Objectif : lutter contre les logements vides. L’histoire est racontée par le journal Le Parisien. À Châtillon‑Coligny, une petite bourgade du Loiret de 1 894 habitants, la lutte contre les logements vides est devenue une priorité. Selon le maire, Florent De Wilde, entre 100 et 150 logements seraient vacants, soit près de 10% du parc immobilier, donc plus que la moyenne nationale (autour de 7,7–8% selon l’Insee).
Pas question de sanctionner les propriétaires pour l’édile. Ici, c’est l’esprit d’incitation qui prime. Pour ce faire, De Wilde, qui a été réélu maire – il était le seul à se présenter – le mois dernier, veut utiliser l’outil juridique : la menace d’une expropriation est ainsi brandie pour débloquer des situations rendues complexes (successions compliquées, patrimoine laissé à l’abandon). L’élu souhaite s’appuyer sur la procédure d’« état d’abandon manifeste » pour remettre en état des immeubles du centre‑ville. Histoire de reprendre la main, alors que la marge de manœuvre est petite dans ce genre de dossier.
Un outil juridique très encadré
La stratégie du maire de Châtillon‑Coligny s’appuie sur un dispositif très précis défini par le Code général des collectivités territoriales : la procédure d’« abandon manifeste ». Le maire peut cibler des maisons, immeubles ou terrains situés dans la ville qui n’ont plus d’occupant et qui ne sont plus entretenus depuis longtemps.

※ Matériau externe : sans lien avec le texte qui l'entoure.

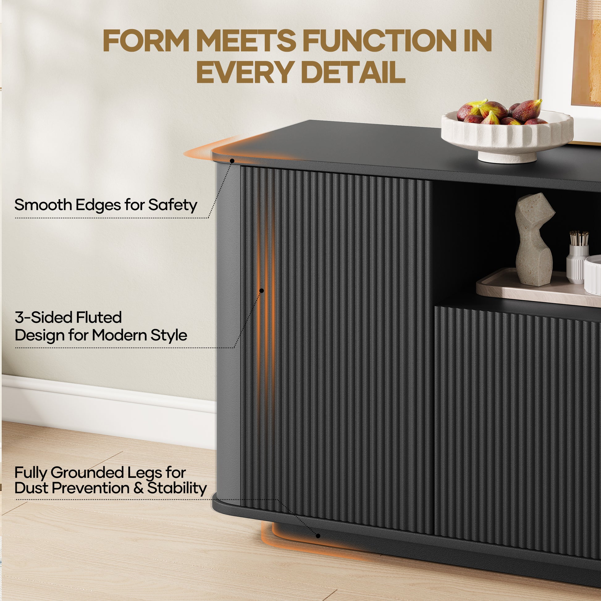 MARNUR Fluted TV Stand for TVs up to 65", 55" Modern Media Console with 3-Sided Fluted Design, Push-to-Open Doors for Living Room, Black

Ainsi, dans les faits, le maire commence par dresser un procès‑verbal provisoire d’abandon manifeste, après avoir recherché les propriétaires, titulaires de droits réels et autres personnes intéressées. Ce document est affiché pendant trois mois en mairie et sur le bien concerné, tout en étant notifié aux ayants droit.
À compter de cette date, le propriétaire a un délai de trois mois pour réagir. Soit il remet les lieux en état (travaux, entretien, changement d’usage, etc.), soit il signe avec la mairie une convention prévoyant des travaux dans un délai déterminé, une forme d’engagement formel et strict. Si tout est respecté, la procédure prend fin ; sinon, le conseil municipal est saisi et peut décider de lancer une expropriation pour cause d’utilité publique, au profit de la commune ou d’un organisme chargé d’une opération d’aménagement.

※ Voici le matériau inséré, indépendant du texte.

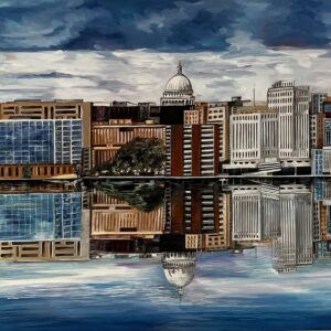 She is well known for her collection dedicated to the city of Madison, which includes famous scenes such as the spring tulips at the Capital, the farmer’s market on a summer day, the colorful chairs of the Memorial Union, the stunning new Monona Terrace, and the view across Lake Monona from Olbrich Park, among others. This collection is filled with evocative memories of those sights that make Wisconsin so special.

Un levier puissant mais difficile à généraliser
L’abandon manifeste permet donc aux maires de traiter des logements laissés à l’abandon afin de les remettre sur le marché. La solution miracle ? Pas forcément : les retours de terrain de plusieurs établissements publics fonciers pointent encore de fortes limites.
Premier frein : la lourdeur administrative. Il faut passer par de multiples étapes. La recherche des ayants droit est une première marche et elle peut être extrêmement complexe, notamment quand la succession est ancienne. Ensuite viennent l’affichage, la rédaction des procès‑verbaux, la délibération du conseil municipal, autant de paliers qui doivent être sécurisés juridiquement. Tout cela a un coût, d’autant plus que, si la commune récupère le bien, elle doit financer l’acquisition (indemnité d’expropriation) et la réhabilitation, sans compter, dans des cas extrêmes, la démolition et la reconstruction.

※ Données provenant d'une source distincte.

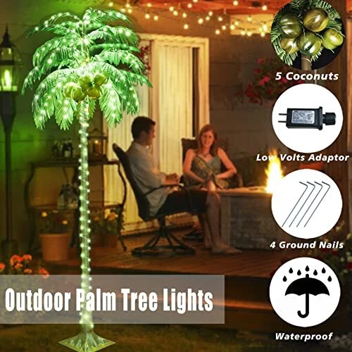 Return Policy Fast Delivery Trusted seller 7 FT Color Changing LED Palm Tree with Coconuts, Remote Control - for Pool, Beach, Yard, Party Decor Product Description Color Changing Palm Tree with 5 Coconuts: The multicolor coconut tree is designed by brown straight trunk and green palm fronds with color changing LED lights, can add some tropical style to your patio, pool, Hawaiian jungle party, Tiki bar, etc Updated 32 Keys Remote Control: The colorful palm tree lights can be controlled with remote. You can customize the color of the LED tropical palm tree, set up the time(4 hours on, 6 hours on, 8 hours on) and control the brightness of the lights 18 Colors and 7 Lighting Modes: 16 different solid single color, 2 combination colors (Red White Blue & Colorful), and 7 dynamic lighting modes (twinkling and flashing). You can switch the led lights from cozy to cheerful blinking Artificial palm tree Outdoor Decoration: The package contains ground nails that can make the palm tree stand steadily outdoors. IP44 waterproof functions make it more suitable for outside use Widely Application: Wver on the beach, swimming pool, yard, garden, party, home, office, indoor or outdoor, and whenever winter or summer, daytime or holiday, always bring you the Hawaiian tropical happiness Easy to Assemble: The palm tree is prelit. You just need screw the trunk into the base, and separately connect 2 trunks and the male & female plug. Then shape the leaves as you want. You can use it to decorate your room and luau aloha party Specification: The faux palm tree with lights is 6 FT height, designed with 170 long life span LED lights, powered by 29 V low voltage adaptor, which is more save-energy Shipping Returns Payment Shipping Shipping is FREE to all addresses other than APO/PO boxes in the lower 48 states. All our stock ships from US-based warehouses. Shipped via USPS or UPS (depending on location and package weight) Unless stated otherwise, all orders will ship within 24-72 hours of your payment being processed. Check our feedback to see the great reviews of FAST shipping we offer. Returns Seller does not accept returns Payment We currently accept payment via eBay managed payments only. Once payment is cleared, we will dispatch your shipment within 1-3 business days. Please refer to the "Shipping" tab for more information regarding shipping speed to your destination.

Autre problème : le temps. Les procédures peuvent durer plusieurs mois, voire plusieurs années. Entre le premier constat d’abandon et la remise sur le marché, les recours devant le juge de l’expropriation ou les juridictions administratives peuvent être nombreux et s’éterniser.
Alors que la France souffre de ses logements vacants, plus particulièrement dans les petits villages, et que cet argument a été utilisé maintes fois lors des dernières élections municipales pour libérer des espaces, le choix de Châtillon‑Coligny d’assumer publiquement le recours à l’« abandon manifeste » illustre la volonté de certains maires ruraux d’utiliser au maximum les outils juridiques disponibles pour reprendre la main sur leur parc vacant.